Abstract
Whether PUFA diets affect inflammatory mediators in central and peripheral sites is not clear. We investigated the effect of high-fat PUFA diets on the expression of proteins involved in inflammatory pathways in hypothalamus, muscle, and liver. Male rats were fed for 2 months with either chow or high-fat diets enriched with either soy (n-6 PUFAs) or fish oil (n-3 PUFAs). The fish group had normal body weight, low serum NEFA, reduced hypothalamic levels of TNF-α, IL-6, and TRAF6, and increased levels of IL-10 receptor. In contrast, the soy group had increased body weight and hypothalamic levels of TRAF6 and NFκBp65. In muscle, the fish diet reduced TNF-α and IL-6 levels. Both PUFA diets increased muscle IL-10 levels and reduced liver TNF-α and IL-6 levels. The data showed that the high-fat soy diet induced activation of the hypothalamic NFκB inflammatory pathway, a feature predisposing to feeding and energy expenditure disturbances associated with the development of obesity. On the other hand, the high-fat fish diet improved the central and the peripheral inflammatory profile via reduction of intracellular inflammatory mediators, suggesting a protection against obesity.
1. Introduction
Obesity is known to present an inflammatory process of low grade, with elevated levels of cytokines such as interleukin 6 (IL-6), tumor necrosis factor alpha (TNF-α), and interleukin 1 beta (IL-1β), contributing to the pathogenesis of important disturbances of the obese condition, as insulin resistance and metabolic defects. This inflammatory state has been described to induce elevated signaling through the toll-like receptors TLR2 and TLR4, with activation of the nuclear factor κB (NFκB) pathway in muscle, liver, and adipose tissue [1–4].

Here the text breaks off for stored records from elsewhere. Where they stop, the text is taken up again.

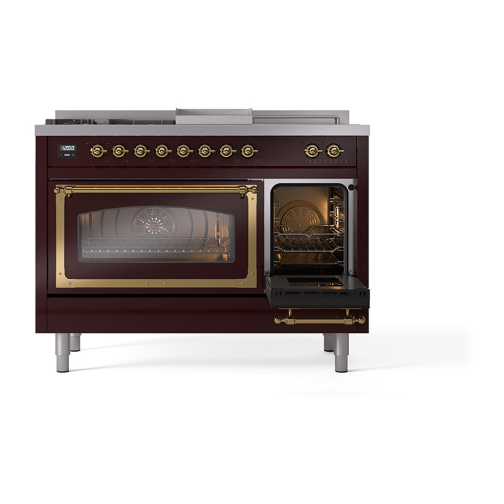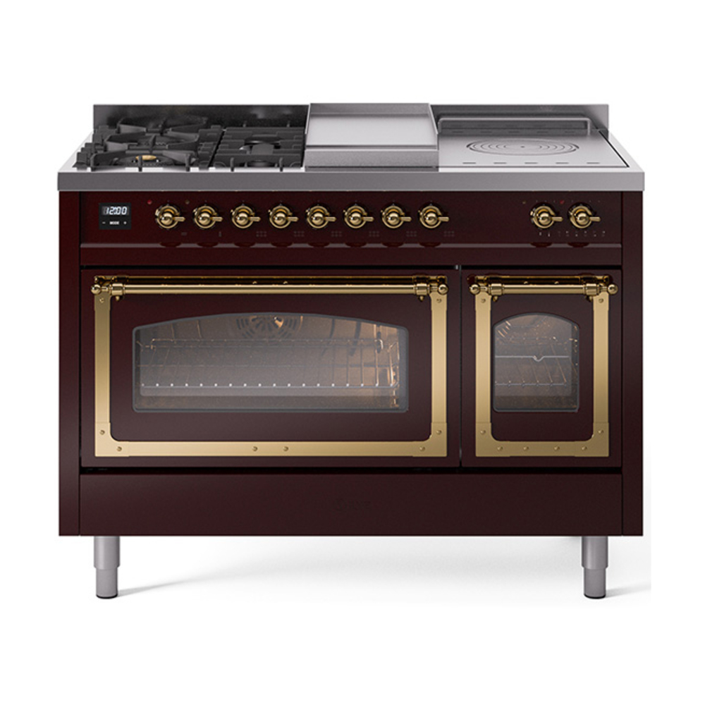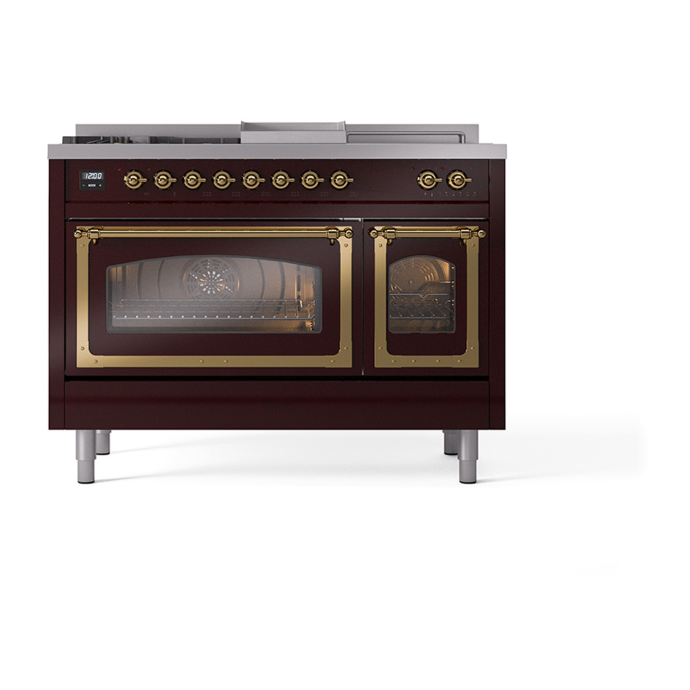 ILVE UN48FSNMPBUG Nostalgie II Noblesse 48 inch Dual Fuel Range (5 Sealed Burners + Griddle + French Top, Natural Gas, Triple Glass Door, Burgundy, Brass)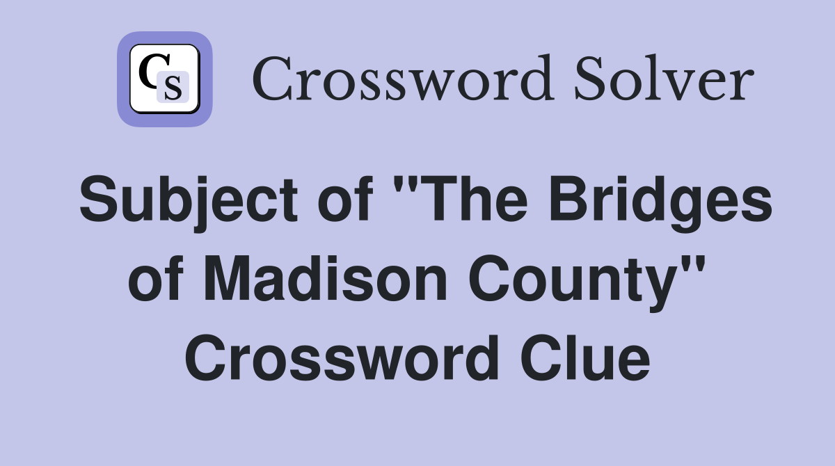 Subject of quot The Bridges of Madison County quot Crossword Clue Answers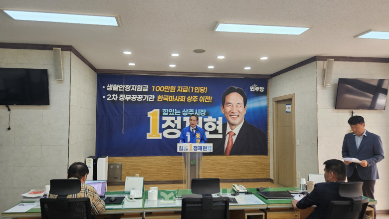 더불어민주당 상주시장 정재현 예비후보가 27일 오전11시 상주시청 브리핑센터에서 “상주의 새로운 미래를 열겠다는 비장한 각오로 이 자리에 섰다”며 기자회견을 가졌다.정재현 예비후보는 “6월 3일 상주의 운명을 결정할 중요한 선택의 날이 다가오고 있다. 5선 시의원과 시의장을 역임하면서 오직 상주 발전 하나만을 바라보고 시민의 뜻을 받들고 민심을 대변하는 길에서 단 한 번도 가볍게 임한 적 없다"며 "그러나 의회는 견제는 할 수 있어도 직접 바꾸는 힘에는 제약이 있어서 상주를 바꾸려면 시장이 되어 책임지고 실행하기 위해서”라고 했다.그러면서 “눈치보고 책임을 회비하는 공직사회가 아니라 소신껏 일하는 공무원이 보상받도록 할 것이며 불필요한 줄 세우기와 눈치 문화를 없애면서 시장 한 사람이 아니라 상주시청 전체가 함께 되는 도시, 그 힘으로 상주를 살려내겠다”고 호소했다.아울러 “집권여당인 더불어 민주당의 적극적인 협력을 통해 상주의 발전을 현실로 만들 수 있으며 정치는 편이 아니라 결과로 평가 받도록 하겠다”고 했다.특히 “이번 선거가 단순한 선거가 아니라 상주의 미래를 결정하는 역사적 선택인만큼, 상주의 심장을 다시 뛰게 만들겠다”며 지지를 호소했다. 정재현 예비후보는 4대 발전 핵심 공약으로 ▲상주~관기 45km 구간 4차선 확장 ▲경천섬과 경천대를 국가정원으로 조성해 대한민국 대표 관광도시 조성 ▲마사회 본부를 상주로 이전시켜 일자리와 지역경제 활성화 ▲시민 1인당 100만원 생활안정지원금을 상주화례로 지급 등을 내세웠다.상주시장 선거에는 더불어민주당 정재현 후보와 국민의힘 안재민 후보, 그리고 무소속의 윤위영 후보가 뛰고 있다. 지금까지의 지역정서상 국민의힘 후보가 우세했지만 이번 선거에서는 5선의 시의원 경력과 집권당의 전폭적인 지원을 약속받고 있는 정재현 후보의 거센 바람과 함께 무소속 후보자와 지지층이 중복되는 점 등에 있어서 승부가 초접전 양상을 예측하고 있다.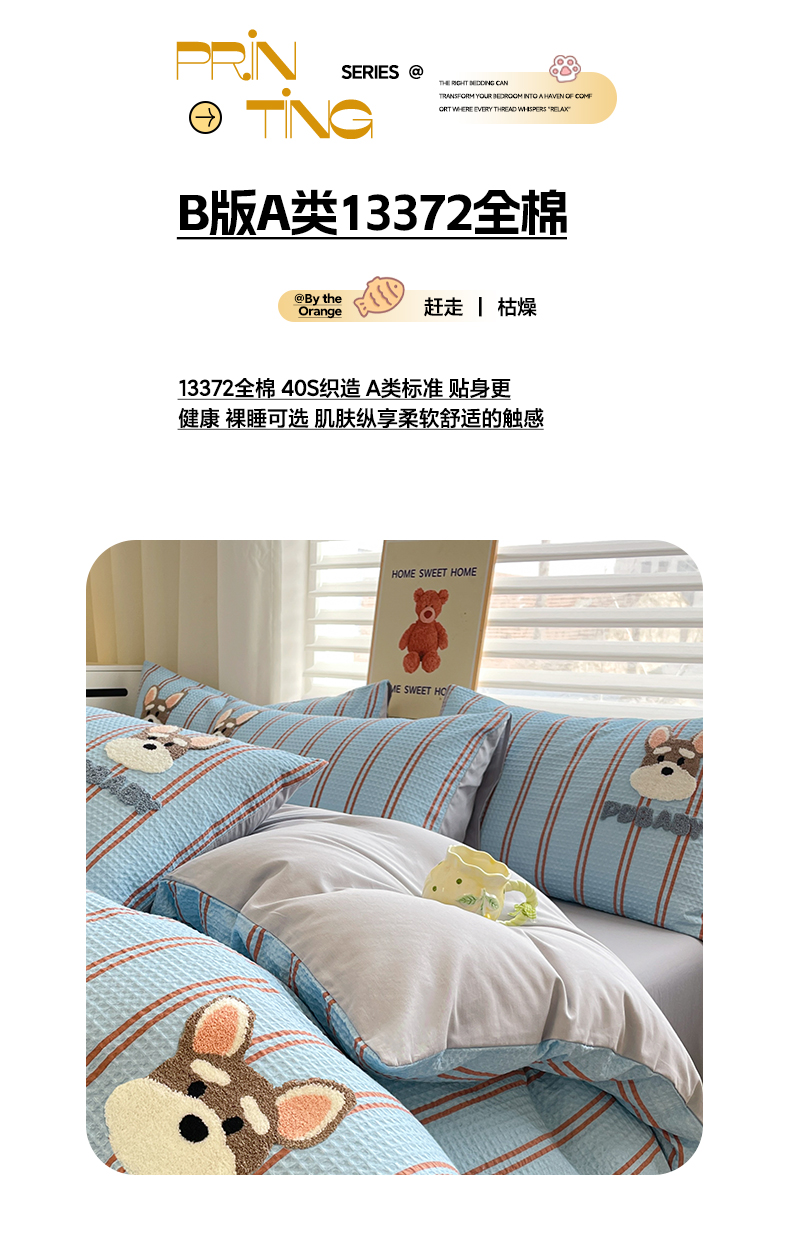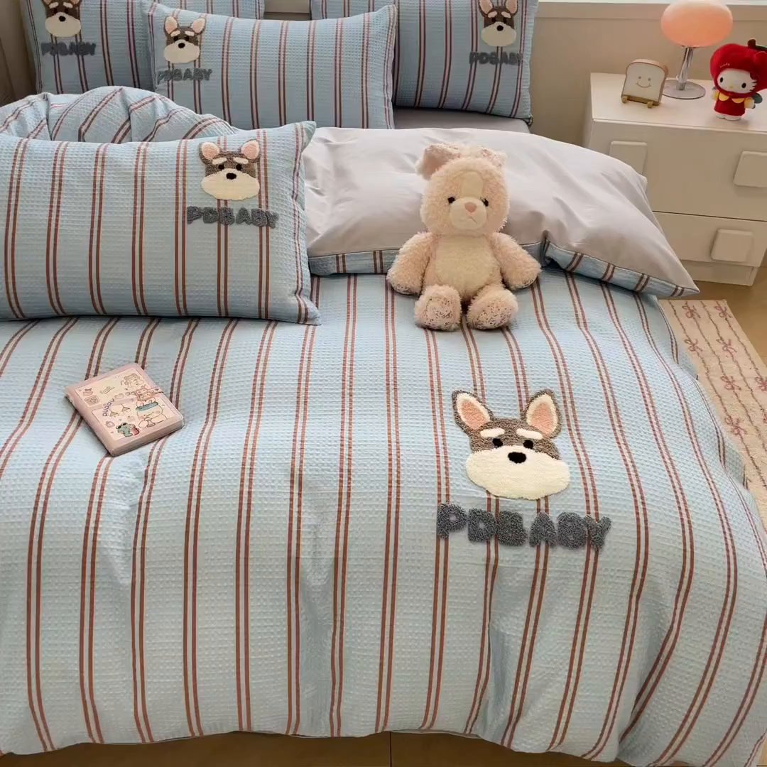2025新款A类100%全棉磨毛条格卡通系列四件套

In this inflammatory pathway, TLR2/4 binding to the myeloid differentiation factor-88 (MyD88) leads, after some intermediate steps, to the recruitment of the tumor necrosis factor receptor-associated factor-6 (TRAF6). Its interactions with several proteins leads to phosphorylation of the inhibitory factor IκB, which is then targeted for proteosomal degradation, releasing NFκB, whose p65 subunit undergoes phosphorylation and translocates to the nucleus, where it binds to its target genes to produce proinflammatory cytokines [5].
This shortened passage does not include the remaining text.